Sandrone built his wine business from a tiny 2.5-acre parcel in the appellation of Cannubi to 67 acres stretching from Barolo to Serralunga d’Alba and neighboring Roero. He manged to achieve global success while he oversaw a family business that now spans three generations.

“We lost not only a great winemaker but a very good man,” said Chiara Boschis, owner of E. Pira winery in Barolo and, like Sandrone, one of the group of young winemakers  who shook up the region with new techniques and ideas in the 1980s and ’90s. “I always had great respect for Luciano, and admired him a lot for his focus on quality that gave him incredible achievements. He has been an important example and inspiration for me and many other winemakers.”

Sandrone came from a family of carpenters in La Morra, one of the 11 communes in the Barolo denomination. An allergy to sawdust and an interest in agriculture led him to start working at the Borgogno winery at the age of 17. It was there he met his wife Mariuccia. After military service, Sandrone joined the Marchesi di Barolo winery, where he eventually became the cellar master.

In 1978, he acquired a small parcel in Cannubi Boschis; after the harvest, he and Mariuccia made 1,500 bottles in a garage under their home. During the Vinitaly international wine fair in 1981, he met importer Marco de Grazia, who was impressed with the wines and offered to buy the entire production for the U.S. market. Sandrone sold him half, selling the rest to a Swiss importer. Despite the success of his first vintage, Sandrone continued to work at Marchesi di Barolo until 1990.

Sandrone gained acclaim as one of the so-called “Barolo Boys,” young Barolo producers who tried new ideas and learned from other wine regions. The group, corralled by de Grazia, included Elio Altare, Domenico Clerico, Giorgio Rivetti and Enrico Scavino of Paolo Scavino. Sandrone may have not been bound by tradition, but he didn’t opt for modern techniques like rotary fermenters and small barriques for aging.

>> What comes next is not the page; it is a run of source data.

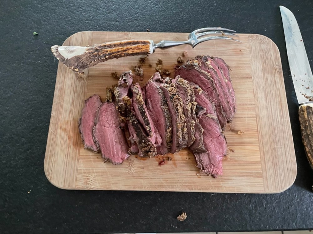Man nehme ein großes Stück Roastbeef vom Hirsch. Brate es kurz, aber scharf an und lasse es dann, bestrichen mit Pommery Senf, bei niedrigster Temperatur ca. 2 Stunden garen. Das Resultat ist ein perfektes Roastbeef, dem weder meine Frau – sonst sehr kritisch – noch mein einjähriger Sohn – ganz die Mama – und erst recht nicht die Fleischvernichtungsfraktion, bestehend aus meiner vierjährigen Tochter und mir, widerstehen konnten. Die Pfefferbeißer und das Gulasch waren ebenso gut. Der Brunfthirsch riecht extrem aber schmecken, so kann ich versichern, tut er sehr gut.
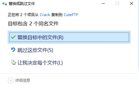 2、将Crack文件拷贝到该目录,点击替换即可。
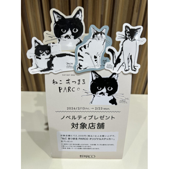 「ねこ あつまる PARCO オリジナルステッカー」をプレゼント!
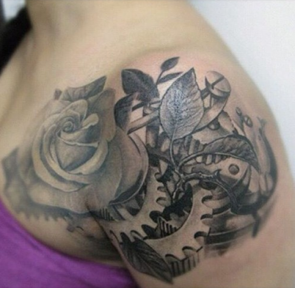 披肩玫瑰齿轮纹身图案
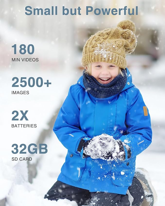 - MINI-SIZE & EASY TO USE - Special mini-size design for kids to easily handheld, this point and shoot camera is small and lightweight, fits in kids' hands perfectly. Comes with a lanyard hang, it's portable for them to carry and move, and compact for travel and camp. The clear simple settings and features of the small portable digital camera make it easy for them to figure out and use themself.
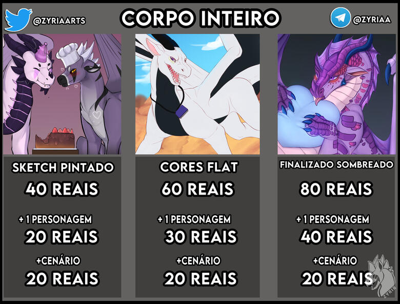 - Você precisa ter mais de 18 anos para me commissionar.- Saiba o que quer pedir! sua commission irá demorar muito mais tempo se você não sabe o que quer.- Caso os personagens sejam muito complexos será cobrado extra.- Você pode usar a arte que comprou para uso não comercial, não pode vender a arte que fiz, tudo pode ser negociável.- Eu costumo postar arte commissionada publicamente, se você quiser uma commission privada podemos conversar.- Não gosto que me apressem, por favor, respeite meu tempo! se não te enviei algo sobre a arte é porque não está pronto.- O tempo máximo para entregar uma commission é de 2 semanas, eu costumo entregar em menos de uma semana, mas imprevistos acontecem, avisarei se algo acontecer!- Novamente, Peço que seja claro quando for explicar o seu pedido, por favor.- Pagamento primeiro sempre! e só posso reembolsar você se não tiver terminado o primeiro esboço, então, por favor, só me encomende se confiar na minha arte! ♥- Posso corrigir meus erros na arte, como a pose da cabeça, cauda, pata, acessórios, etc. mas não posso corrigir poses inteiras quando o desenho estiver na etapa de contorno ou finalizado, então preste atenção nas imagens que mando de como está ficando o desenho, avise-me de qualquer erro.- Não guardo todas as artes no meu computador, deixo-as no meu Google Drive, mas se ficar sem espaço terei de apagar as commissions muito antigas, por isso guarde sempre as commissions.- Eu aceito Pix, PicPay, Nubank, boleto e transfêrencia bancária como meios de pagamento.
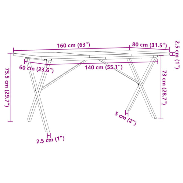Ruokapöytä x-runko 160x80x75,5cm mänty ja valurauta
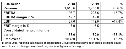 Revenue reached a new record value of EUR 1,753.8 million. Compared with the previous year (EUR 1,615.6 million) that corresponds to an increase of 8.6 percent. This improvement can be attributed to increased demand in the most important markets of Europe, North America, Russia, and China. For example, profitability increased year-on-year, despite a shift in revenue within the product groups and regions as well as additional expenses in future-proof structures – GPO implementation, commencement of the rollout of a uniform ERP system, PALFINGER 21st. EBITDA increased by 13.7 percent from EUR 196.7 million to EUR 223.6 million, while the EBITDA margin was 12.8 percent after amounting to 12.2 percent in fiscal year 2018. EBIT increased by 17.4 percent to EUR 149.0 million – the highest level in the history of PALFINGER. The EBIT margin rose from 7.9 percent in 2018 to 8.5 percent in 2019.
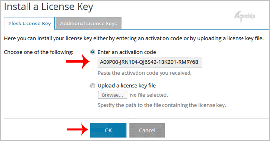 Step 4: Under Select your license type, should you have a license key, enter your Plesk Onyx license key or use a trial license by choosing Proceed with a full-featured trial license.
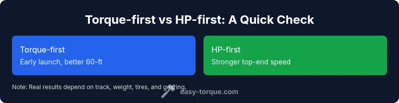 Is torque or hp better for drag racing? The answer is nuanced: torque drives the instant grip and early acceleration, while horsepower sustains speed to the trap. The best setups balance both, tailored to class rules, track surface, and weight. According to Easy Torque, optimizing the torque curve and gearing to maximize traction often yields the fastest 60-foot times, complemented by adequate peak HP for top speed.
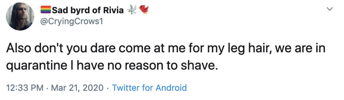 In terms of growing hair, it seems we are living in a leg hair renaissance. 7.7k unique authors have proclaimed they are not shaving their legs during this lockdown, an increase of 2431% compared to January 2019.
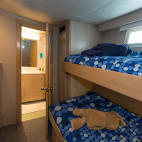 The Turks & Caicos Explorer II is a custom-designed liveaboard dive boat, accommodating 20 guests in 10 well-appointed cabins. Split across three decks, two Master Staterooms are located on the Upper Deck, accessed by an exterior walkway, and these feature a queen bed and window. There are five Main Deck Staterooms with either queen or twin bed configuration and window, while a further three Lower Deck Staterooms offer an upper and lower bunk with porthole. Linen, towels and toiletries are provided. Soft luggage is recommended for storage purposes.

“Luciano and I worked together from day one and for roughly 25 years,” de Grazia told Wine Spectator. “He was an innovator, and yet curiously attached to, and reluctant to criticize, many expressions of tradition, particularly those tied to the vineyard management of fine elderly vignerons. Gifted with a fine palate and a deep vision, he crafted a balance in his wines very early on, and neither wavered nor ever lost his way. His wines always expressed power and tenderness.”

Today, in addition to the original Cannubi Boschis, the winery produces a Barolo Le Vigne, a blend of parcels from the communes of Novello, Monforte d’Alba, Barolo, Serralunga d’Alba and Castiglione Falletto; a Nebbiolo d’Alba from the Valmaggiore vineyard in Roero; a Barbera and a Dolcetto. Sandrone’s last project, the result of 30 years of research and experimentation, is Barolo Vite Talin, made from a biotype of Nebbiolo he discovered in the Le Coste MGA in the 1980s. He planted cuttings over the years and was finally satisfied enough with the results to release the 2013 vintage.

“Luciano was a wise person, humble but sure of himself and with his own ideas,” Scavino told Wine Spectator. “Together with him and other producers we often met to discuss and taste our wines and wines from other regions of the world together. There was an honest exchange of views that helped each of us broaden our horizons. His judgment mattered a lot.”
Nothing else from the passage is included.